Only Smokers Get COPD

How many times have you been accused of being a smoker because you have COPD? Although COPD is primarily caused by smoking, smoking is NOT the only cause of the disease. There are genetic and environmental risk factors that increase the risk of developing COPD, as well.


There Is No Effective Treatment for COPD

Not true at all. In fact, according to the Global Initiative for Obstructive Lung Disease, COPD treatment can "prevent and control symptoms, reduce the frequency and severity of exacerbations, improve health status, and improve exercise tolerance."


Asthma Is COPD

Although asthma was once included in the broad spectrum of disorders classified as COPD, this is no longer applicable. They are two very separate illnesses in terms of disease onset, the frequency of symptoms, and reversibility of airway obstruction.


COPD Is a Disease of Old Age

It's true that most people are diagnosed with COPD in the fifth or sixth decade of their lives, but people who have a genetic form of COPD caused by alpha-1-antitrypsin deficiency can get the disease much earlier in life, often between the ages of 32 and 41.

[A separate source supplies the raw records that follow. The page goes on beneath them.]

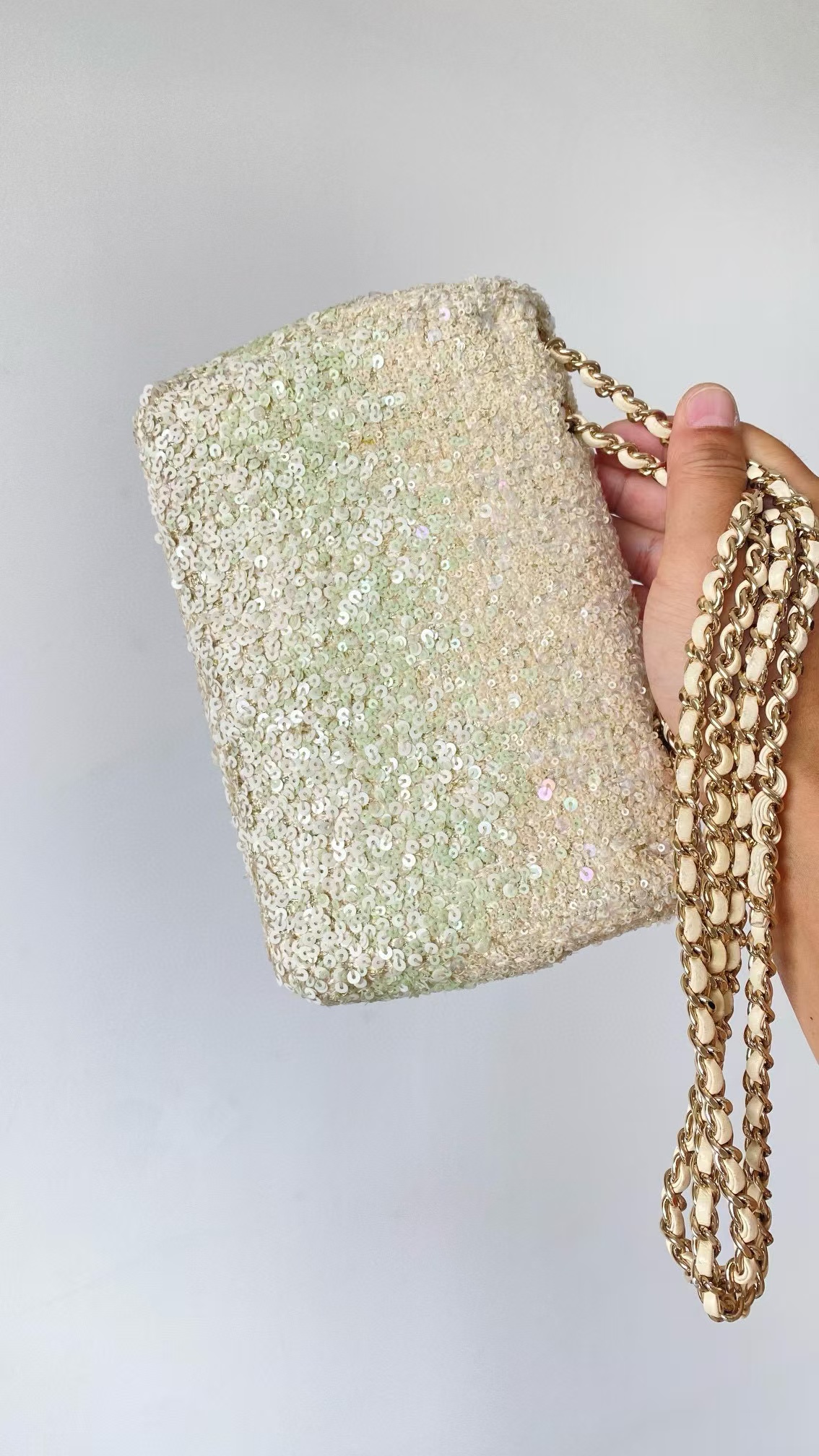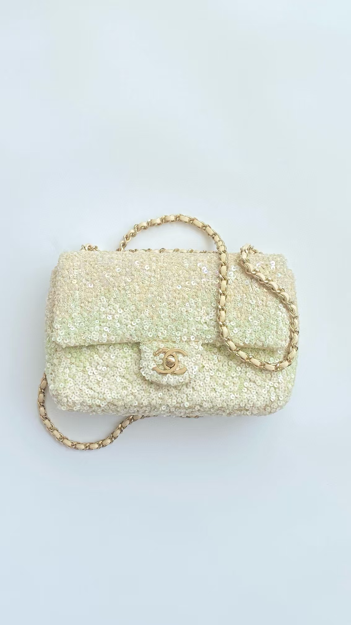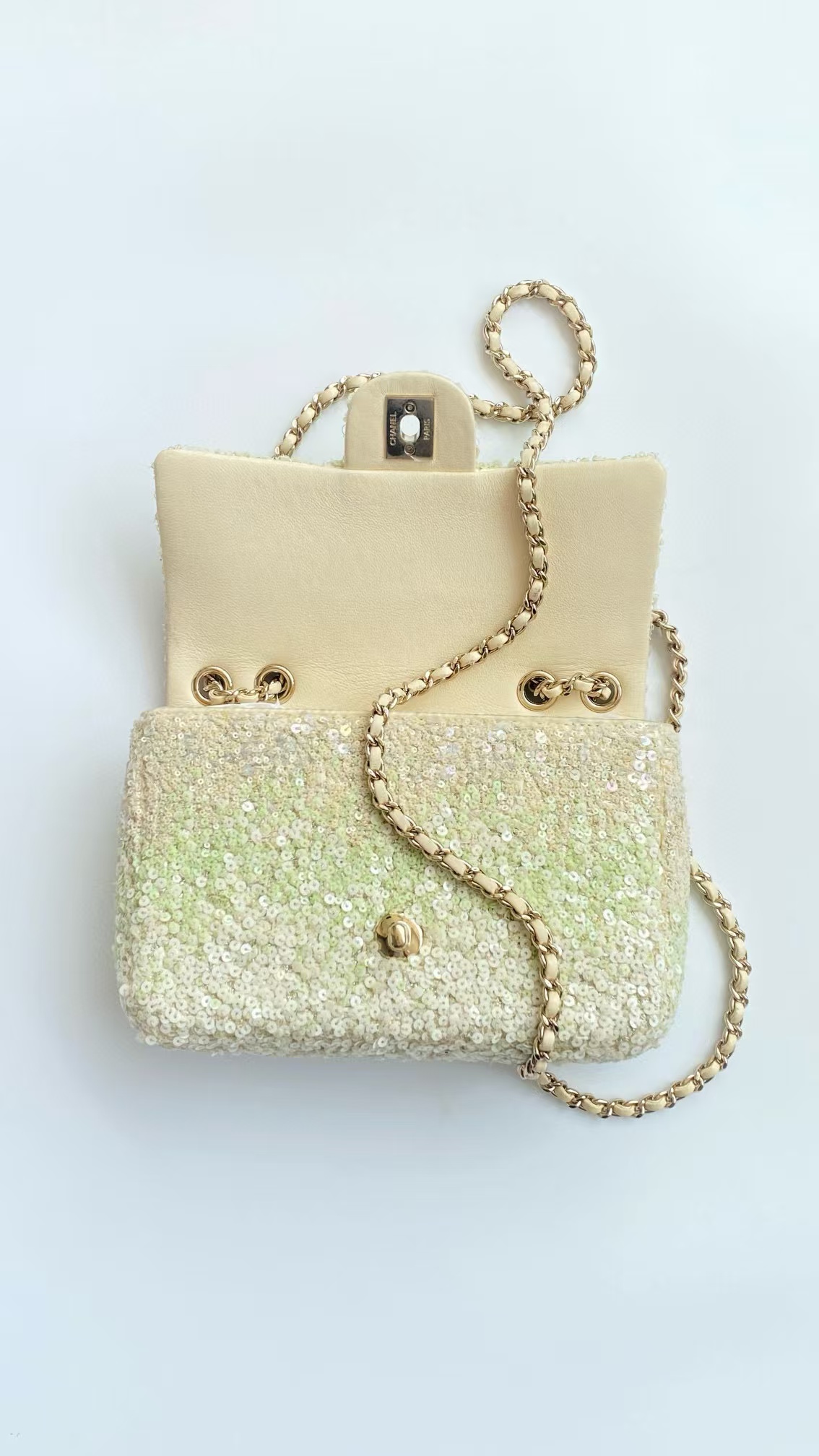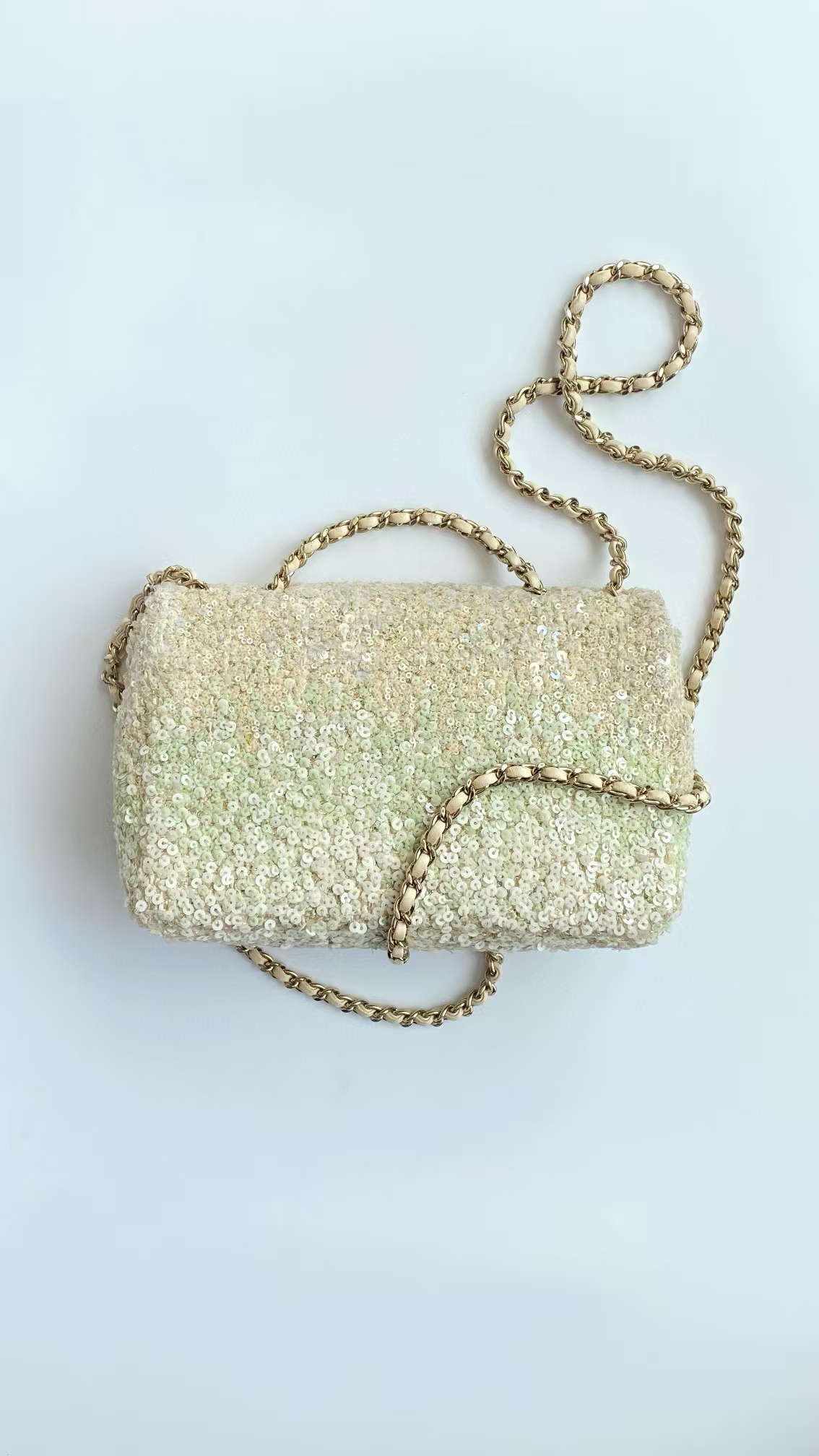 2024秋冬經典款 C家限定星空亮片口蓋包 黃綠漸變亮片
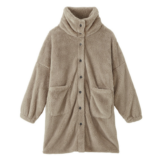 ふわぬくマイクロファー首あったか前開きルームガウン
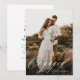 La invitación de la fiesta de compromiso con foto de escritura de caligrafía moderna presenta una superposición de escritura de caligrafía moderna, junto con los detalles de su fiesta en la parte posterior.
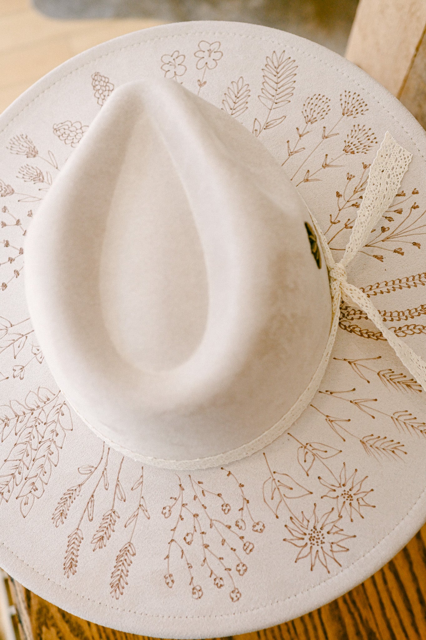 Each hand-burned wildflower hat is completely unique and one-of-a-kind, and therefore not returnable or exchangeable.
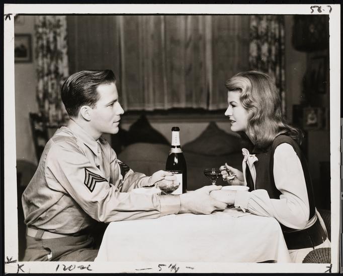 [K. T. Stevens as Sally Middleton and Hugh Marlowe as Bill Page in the touring production of "The Voice of the Turtle".]

People With COPD Should Not Exercise

Yes, exercise may be more difficult than it used to be once you are diagnosed with COPD, but this does not mean you should not exercise, even if it makes you short of breath. Exercising is one of the best ways to increase your self-esteem, improve your health status, feel better overall, and live a higher quality of life.


A Healthy Diet Does Little to Improve COPD

Did you know that your weight and the foods you eat are directly related to the amount of energy you have? And that people with COPD require as much as 10 times the energy of a healthy person to breathe? That means a person with COPD may require more calories than a healthy person (though not as much as 10 times more). A healthy diet not only gives you the energy you need to breathe, but it helps prevent COPD exacerbation and malnutrition, two common complications of COPD.


COPD Means the End of My Sex Life

Wrong! Many couples avoid sexual intimacy altogether because they fear that dyspnea will render them unable to complete the act. While it is true that people with COPD often get more winded during sex than they did before, there are steps you can take and easy sex positions you can try that will help you maintain intimacy with your partner.


COPD is a Man's Disease

Gone is the perception that COPD occurs more predominantly in men. In fact, the year 2000 marked the first year that more women than men died from the disease. This trend is likely to continue and rise, as the number of female smokers has also increased in recent years.


My Lungs Will Repair Themselves Once I Quit Smoking

Unfortunately, COPD is an irreversible process. Once diagnosed, the damage is done and the lungs do not repair themselves. But smoking cessation is the best way to slow the progression of the disease and increase survival in people with COPD. Benefits of quitting begin almost immediately after putting out your last cigarette.